As one of the largest professional service firms in the world, job openings at PwC are competitive. Swanick estimated about 90 percent of new jobs go to applicants who interned with the company as undergraduates.
Boland interviewed with PwC about two weeks after Swanick passed along Boland’s résumé. The company told him he could expect to hear about their decision in another two weeks.
That afternoon, PwC called to offer Boland the position.
“I owe it a lot to [Swanick],” Boland said. “I owe a lot to Penn State, as well. … I would not have met people like Dr. Bo [Ouyang] or Mr. Swanick, who helped set me up for a very successful start to my career.”
Swanick is no stranger to introducing students to the PwC recruiting process; in addition to recruiting at Philadelphia-area colleges as an employee, he has also fielded interest from students while teaching courses at Saint Joseph’s and Villanova.
Those students are all eager to secure jobs and helping young professionals with their careers is one of Swanick’s favorite things about teaching.
“I was so happy to hear it worked out [for Boland],” Swanick said. “He had a good personality, he had strong grades, and he’s a very likeable young man. I think that combination, and perhaps with me on the other side and some relationships at PwC, got it to work. … He must have just nailed the interview.”
Boland will begin his new job in October, and, although he hasn’t started the position yet, he can already see how what he’s learning in classes will be helpful.

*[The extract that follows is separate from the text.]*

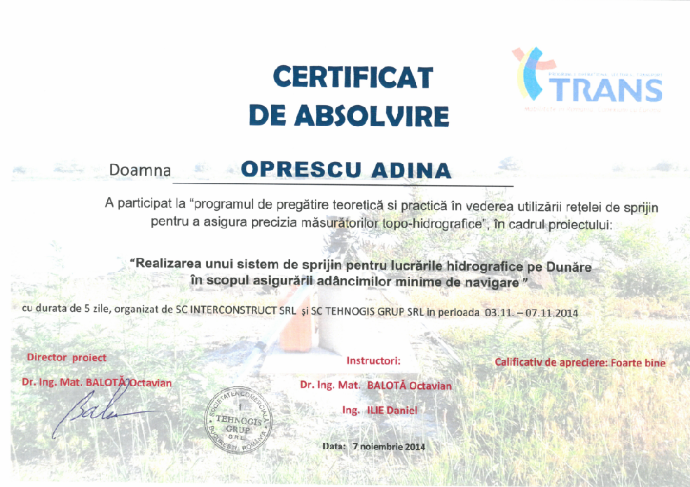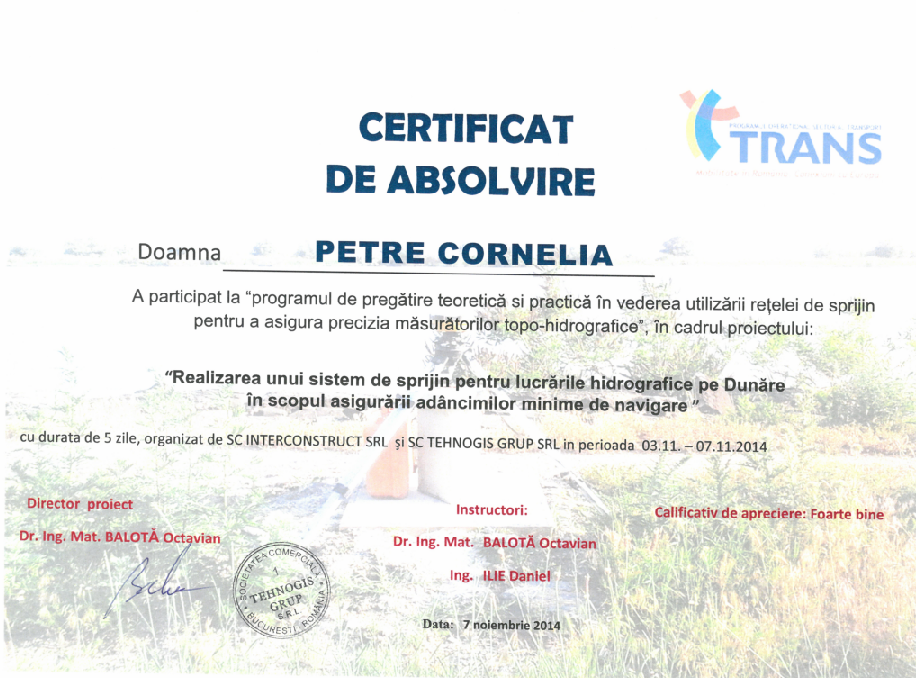 Realizare Măsurători Geodezice Instruire Personal Redeterminare Măsurători Geodezice Interconectare

Graduate classes have helped ingrain key accounting concepts, as well as introduced Boland to new fields he hadn’t studied before. As an undergraduate, his classes were more focused on problems and numbers pulled from a textbook. Now, assignments are based on real-life situations, like looking at financial statements from companies and providing hands-on experience.

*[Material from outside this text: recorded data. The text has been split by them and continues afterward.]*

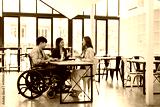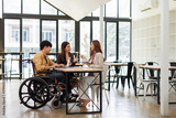 Asian Male Manager On A Wheelchair Sitting With His Colleagues At Workplace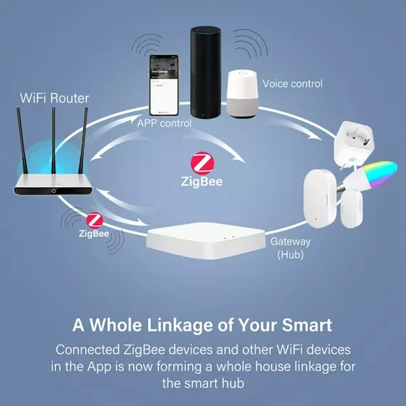 Tuya Smart Gateway Hub multi-mode smart home bridge WiFi Bluetooth ZigBee APP wireless remote control Alexa Google home Features: The brain of smart home automation. Support Alexa.Google home voice control. Link other smart devices in the app for local scenario connectivity and automation. Much safer to build a smart home system with smart home automation. Wireless remote control your smart devices under the same interface for added convenience. Adding sub-devices without network access and multiple sub-devices accessing the network-work simultaneously. Standard protocol development based on ZigBee3.0 and Bluetooth SIG standard protocol for smart life/TUYA application. The gateway allows you to control Tuya ZigBee/Bluetooth devices such as plugs, switches, light bulbs and sensors. A must for all Tuya ZigBee products. Multi-mode gateway supports Wi-Fi + Bluetooth + Zigbee multi-protocol communication. Bluetooth mesh (SIG) and Zigbee communication provide stable control of 128 devices.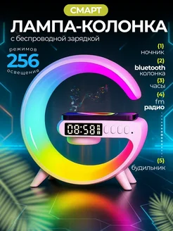 Смарт лампа-колонка с часами, будильником и зарядкой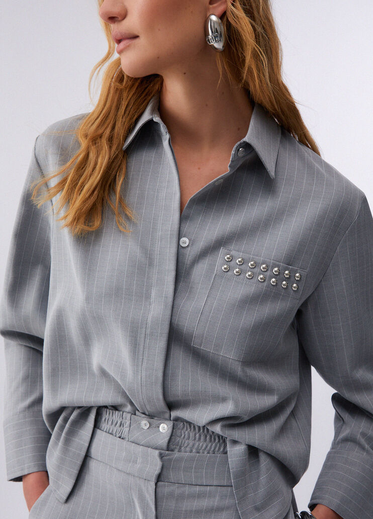 Camicia gessata con tasca borchie applicate. Chiusura con bottoni nascosti.

Boland also values his interactions with his classmates since many of them are working full-time and can provide insight on variety of topics. Penn State Great Valley’s international student population has also been an asset for Boland, exposing him to how different cultures and viewpoints shape the accounting world.
In a few months, Boland will finish his master’s degree and is ready to take the next step in his career, thanks to his experiences at Penn State Great Valley.
“The professors are all really helpful and willing to answer my questions and meet up at office hours,” Boland said. “Michael Swanick is a perfect example of being able to help you outside of the classroom, going above and beyond to assure that the students are not only being successful in their classes, but being successful in their work field.”